These note-aligned datasets are publically available:
- [Vienna 4x22](https://github.com/CPJKU/vienna4x22)
- [(n)ASAP note alignments](https://github.com/CPJKU/asap-dataset)
- [Batik Dataset](https://github.com/huispaty/batik_plays_mozart)

Here's how you get started with note alignments on the (n)ASAP Dataset:

In [45]:
BASE_PATH = Path(r"C:\Users\silva\Documents\repos\DATA\asap-dataset")
EXAMPLE_PATH = Path("Bach/Fugue/bwv_846")
PERFORMANCE_NAME = "Shi05M"

In [46]:
# some alignments in (n)ASAP are not great, get a list of non-robust note alignments
df = pd.read_csv(Path(BASE_PATH,"metadata.csv"))
not_robust = df[df["robust_note_alignment"] == 0]
not_robust_list = not_robust["midi_performance"].tolist()
not_robust_list[:3]

In [47]:
# load tsv note alignments of the (n)ASAP dataset: 
alignment = pt.io.importparangonada.load_alignment_from_ASAP(filename= BASE_PATH / 
                                                             EXAMPLE_PATH / 
                                                             Path(PERFORMANCE_NAME + "_note_alignments/note_alignment.tsv") )
# load scores of the (n)ASAP dataset: 
score = pt.load_score(filename=  BASE_PATH / 
                      EXAMPLE_PATH / 
                      'xml_score.musicxml')
# load performance of the (n)ASAP dataset: 
performance = pt.load_performance_midi(filename=  BASE_PATH / 
                                       EXAMPLE_PATH / 
                                       Path(PERFORMANCE_NAME +".mid"))

In [48]:
# load match note alignments of the (n)ASAP dataset: 
# performance, alignment, score = pt.load_match(filename= BASE_PATH / 
#                                              EXAMPLE_PATH / 
#                                              Path(PERFORMANCE_NAME + ".match"), create_score = True )

In [49]:
# sometimes the scores contain multiple parts which are best merged for easier processing
part = pt.score.merge_parts(score)
# sometimes scores contain repeats that need to unfolded to make the alignment make sense
unfolded_part = pt.score.unfold_part_maximal(part)

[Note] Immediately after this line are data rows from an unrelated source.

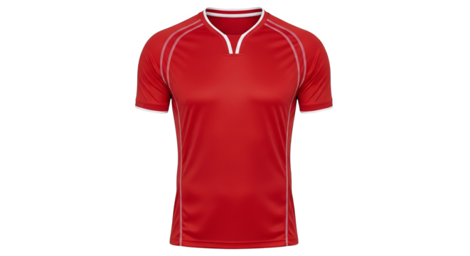 Handsome athletic man in red jersey, upper body shot, cut out transparent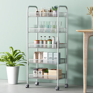 置物架采用落地收纳的设计,结合底部的滚轮,便于移动。底部镂空挡板,有效避免物品掉落更贴心。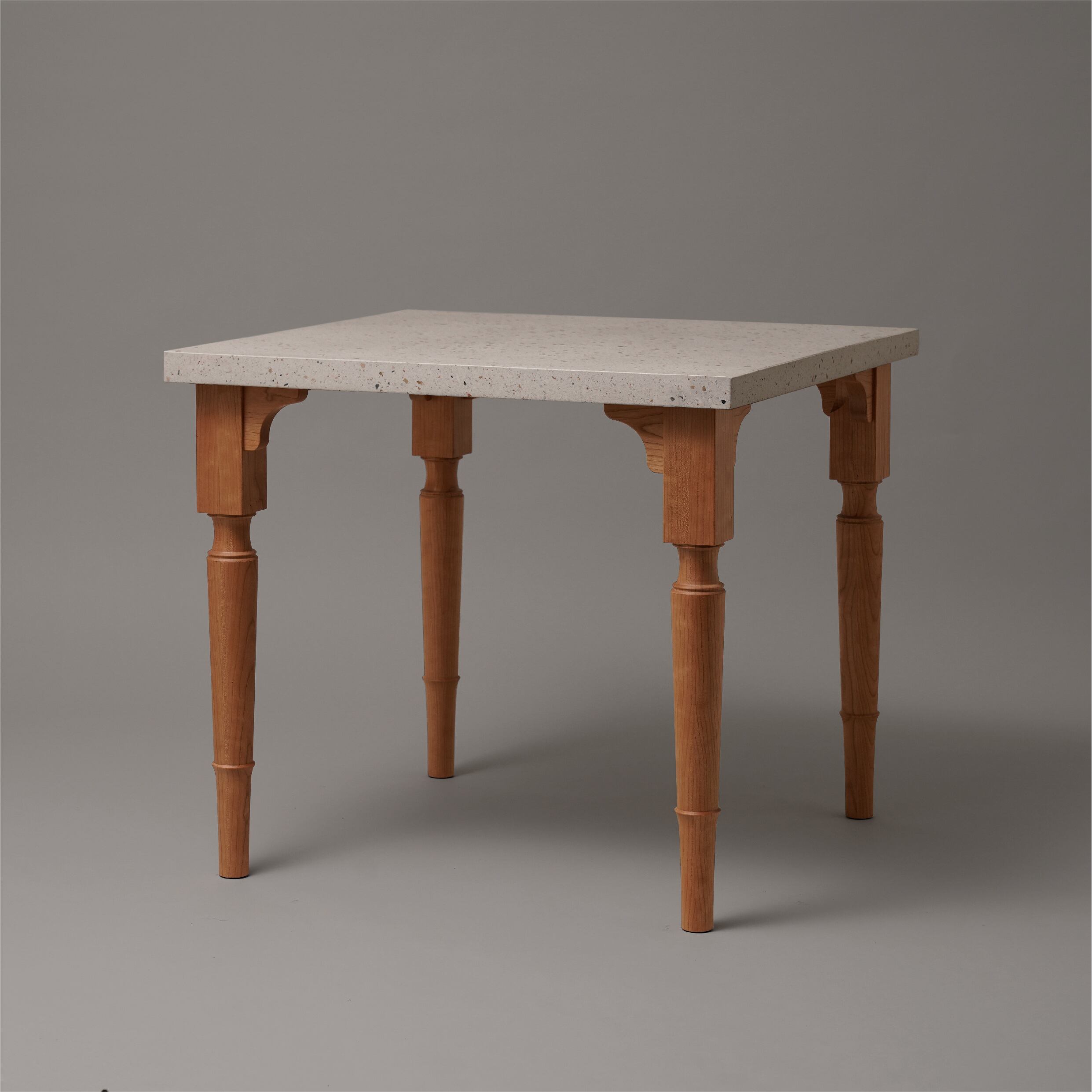 Table テラゾ アイボリー 正方形 [セミオーダー]W600〜900×D600〜900mm ろくろ脚 チェリー

Beware! MusicXML scores need to be unfolded for (n)ASAP, match files are already unfolded!

Beware 2! unfolding will change the note IDs: they get a suffix -n for the nth repeat of that note. If the folding state is not clear, it's easy to check the note IDs in the note array and the alignment list for the suffixes.

In [50]:
# to get numpy arrays of the score and performance for downstream processing without partitura:
score_array = unfolded_part.note_array()
performance_array = performance.note_array()

In [None]:
pa.plot_alignment(performance_array, score_array, alignment)

In [None]:
# have a look at the score note array
score_array[:8]

In [None]:
# have a look at the performance note array
performance_array[:8]

In [None]:
# have a look at the alignment list
alignment[:8]